Romeo Castellucci: Driving Theater Arts With Imagery
Trained as a visual artist, Romeo Castellucci's work on stage draws on the rich legacy of Italian painting in creating images for the audience. But he doesn't stop, always reaching to challenge perceptions -- of what's appropriate, of what's traditional, of what's being perceived from moment to moment.
The performance follows a girl's journey through birth and adolescence to womanhood. Inspired by a moment where he saw a random group of young women waiting for a bus, Castellucci began conceptualizing a way to incorporate their imagined experience into his work.
"Their silence and the space around them inspired the title. It's such an impersonal way of addressing someone, 'Hey Girl,'" Castellucci says. To the director as a passerby, these women were anonymous. The unnamed woman in the title contrasts with modes of address that invoke someone's name, whether a friend or a symbolic historical figure (such as the Virgin Mary, Joan of Arc and Shakespeare's Juliet, whose images all appear during the show).
Contrary to the artist's customary process, elements were added one at a time. "Usually, I meticulously plan everything out. This time, we began with an idea, went to the stage, and improvised from there," adding more material each time it was rehearsed, he said. "It was like working on a sculpture, the way Hey Girl came together."

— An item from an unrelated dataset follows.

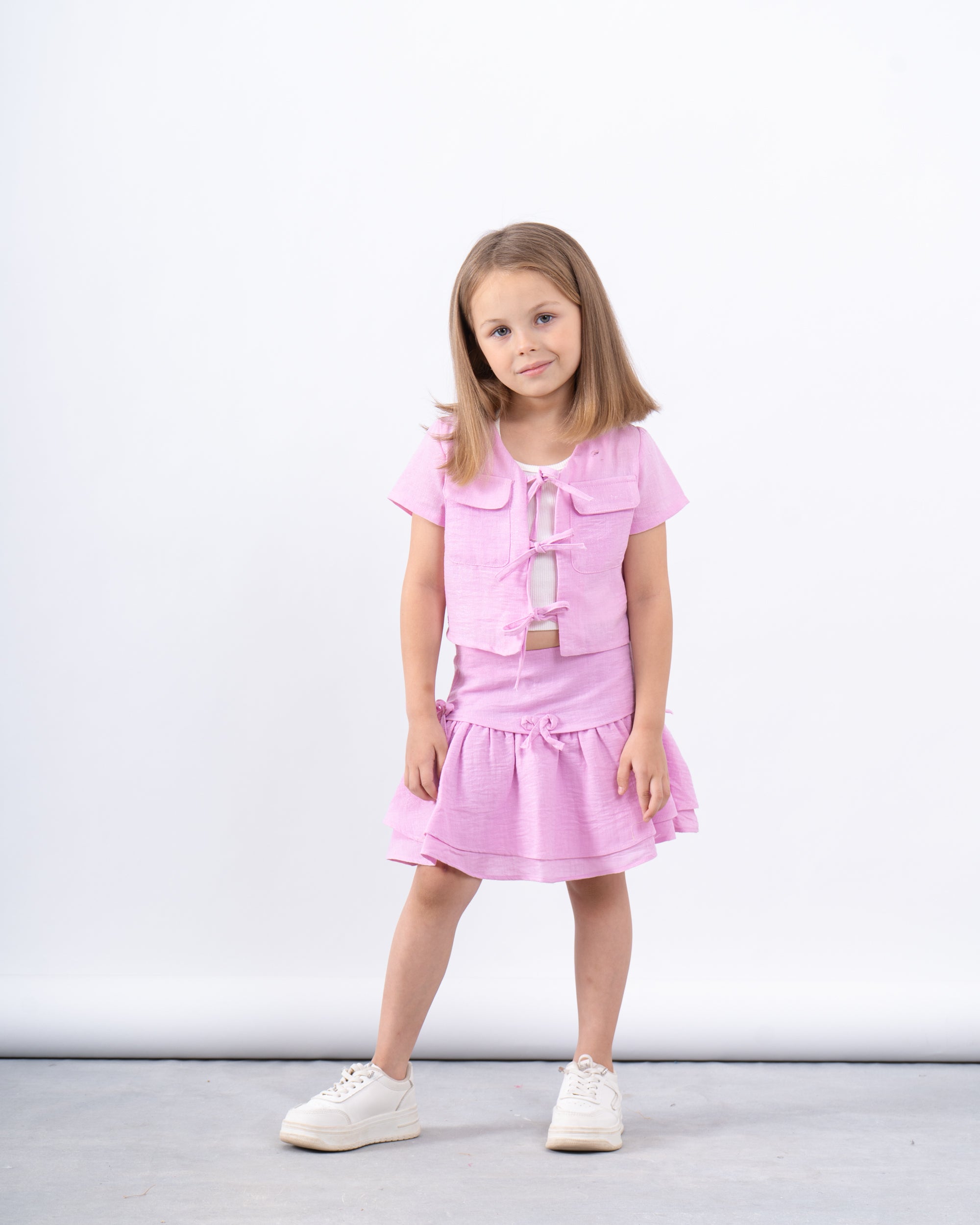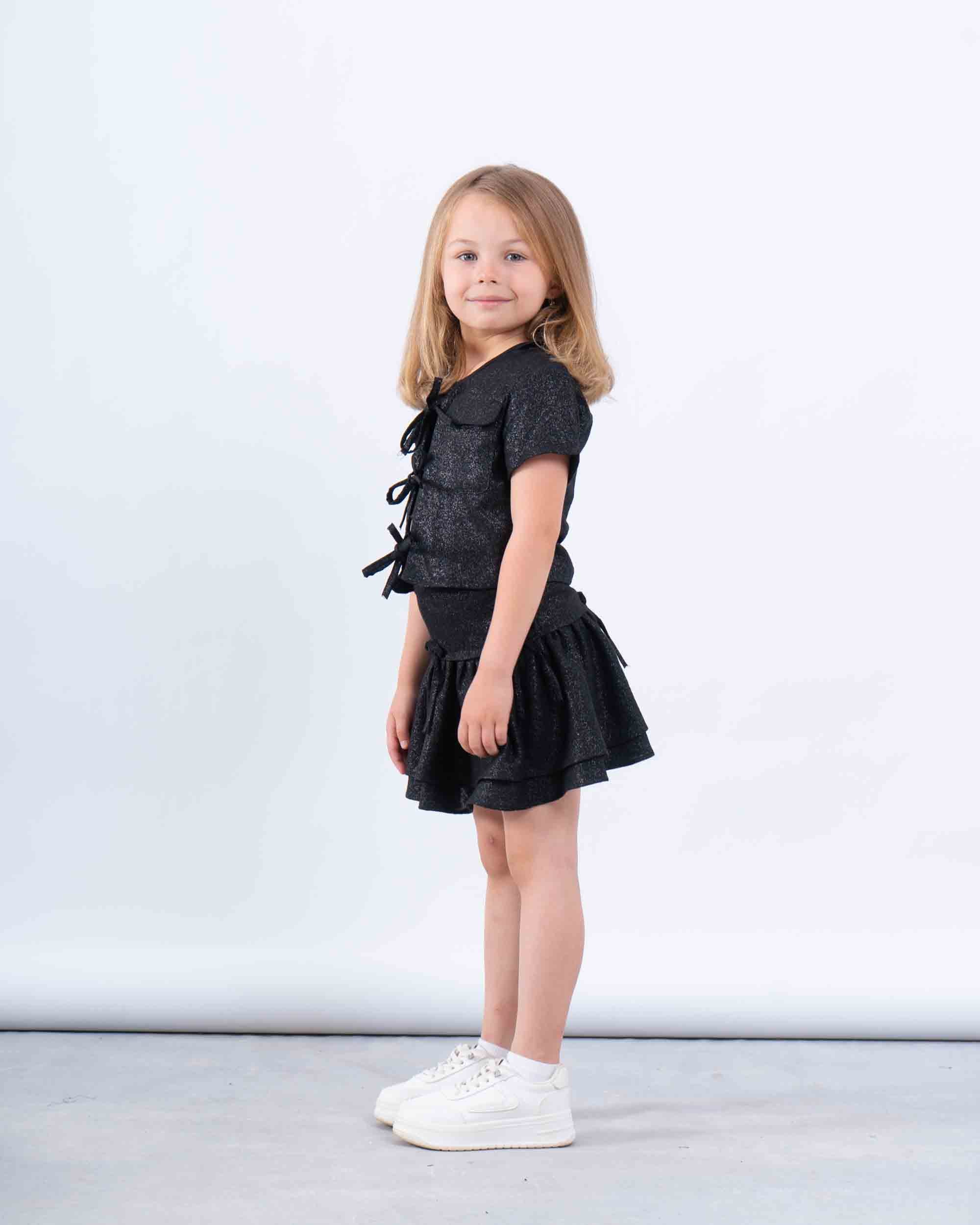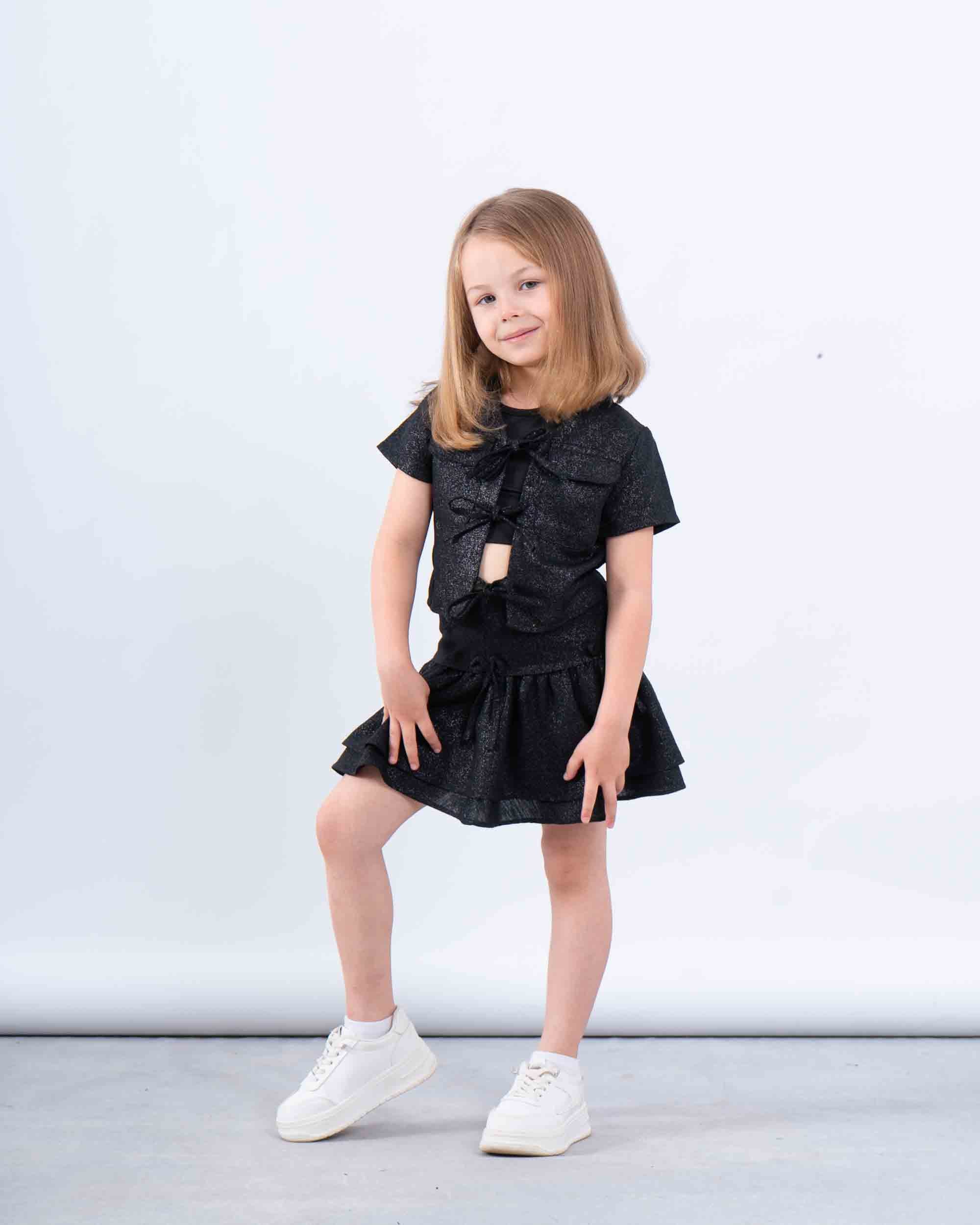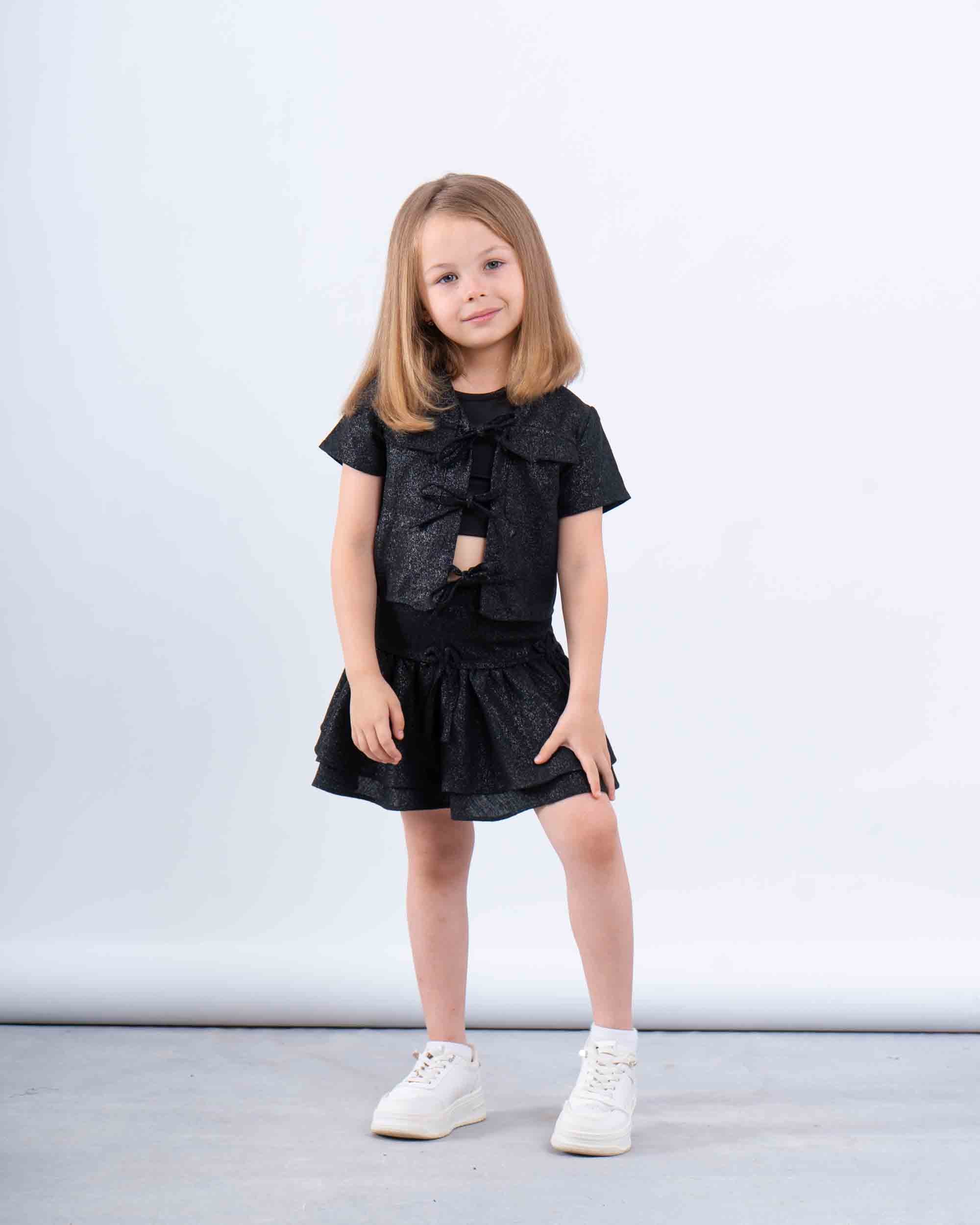 Shine bright with this glittery cropped jacket featuring three dainty front bows and a statement collar. Whether layered or worn alone, this piece adds playful glam to any outfit—especially when paired with the matching skirt.

And how does he expect audiences to react? Despite the play's startling visuals, Castellucci says to shock is not his instead. Instead, he says he merely wants viewers to permit themselves traffic down all potential emotional avenues. The United States has been more rewarding in this respect.
To Castellucci, performances don't need a unified message or a political program, and in his opinion, recent European theater has been overly programmatic. "In Europe, there is almost a pedagogical expectation in theater. American audiences are more open to experiment, to letting a piece just make them feel," he says.
Much is made of Castellucci's latest effort as a meditation on femininity. It is that, but much more. A musing on the seductive peril of symbols, a rich visual tapestry -- but more than anything, he says, this is meant to be the portrait of a real person.
And the artist is in there, too. Castellucci quotes Flaubert: "'Madame Bovary, c'est moi.' -- and Hey Girl, it's me."